As Black Bart raced away in answer to Dan’s whistle, Kate recovered herself from the daze in which she stood and with a sob ran towards the willows, calling the name of Dan, but Silent sprang after her, and caught her by the arm. She cried out and struggled vainly in his grip.

“Don’t follow him, boys!” called Silent. “He’s a dog that can bite while he runs. Stand quiet, girl!”

Lee Haines caught him by the shoulder and jerked Silent around. His hand held the butt of his revolver, and his whole arm trembled with eagerness for the draw.

“Take your hand from her, Jim!” he said.

Silent met his eye with the same glare and while his left hand still held Kate by both her wrists his right dropped to his gun.

“Not when you tell me, Lee!”

“Damn you, I say let her go!”

“By God, Haines, I stand for too much from you!”

And still they did not draw, because each of them knew that if the crisis came it would mean death to them both. Bill Kilduff jumped between them and thrust them back.

He cried, “Ain’t we got enough trouble without roundin’ up work at home? Terry Jordan is shot through the arm.”

Kate tugged at the restraining hand of Silent, not in an attempt to escape, but in order to get closer to Haines.

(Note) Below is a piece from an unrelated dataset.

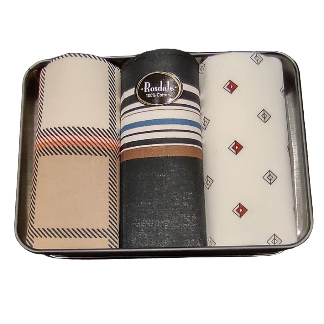 Tin of 3 assorted style printed handkerchiefs with a difference. Makes a great gift pack for any man.

“Was this your friendship?” she said, her voice shaking with hate and sorrow, “to bring me here as a lure for Whistling Dan? Listen to me, all of you! He’s escaped you now, and he’ll come again. Remember him, for he shan’t forget you!”

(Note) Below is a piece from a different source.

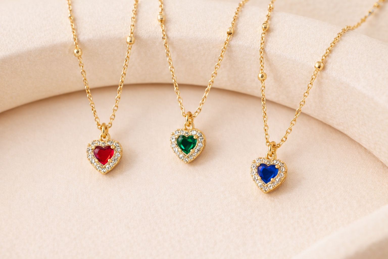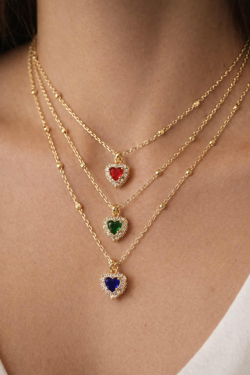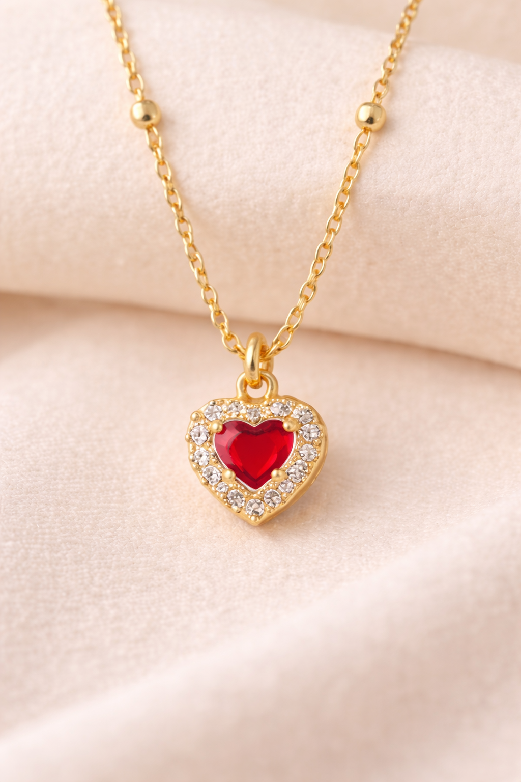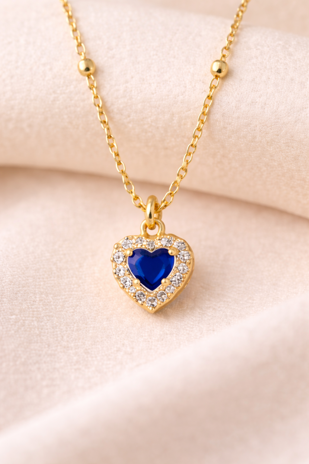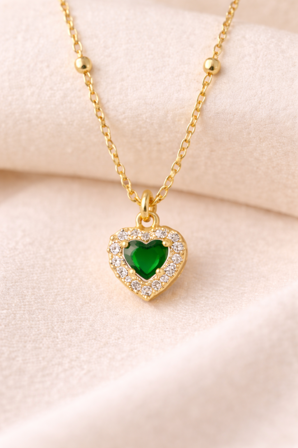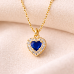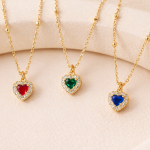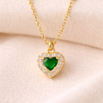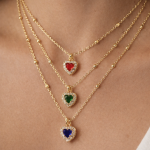 La delicata catena rosario è arricchita da piccole sfere in argento placcato oro, mentre il pendente a forma di cuore è impreziosito da una pietra colorata centrale circondata da zirconi brillanti su base placcata oro, che donano luce ed eleganza al gioiello.

“You hear her?” said Silent to Haines.

“Is this what you want me to turn loose?”

“Silent,” said Haines, “it isn’t the girl alone you’ve double crossed. You’ve crooked me, and you’ll pay me for it sooner or later!”

“Day or night, winter or summer, I’m willing to meet you an’ fight it out. Rhinehart and Purvis, take this girl back to the clearing!”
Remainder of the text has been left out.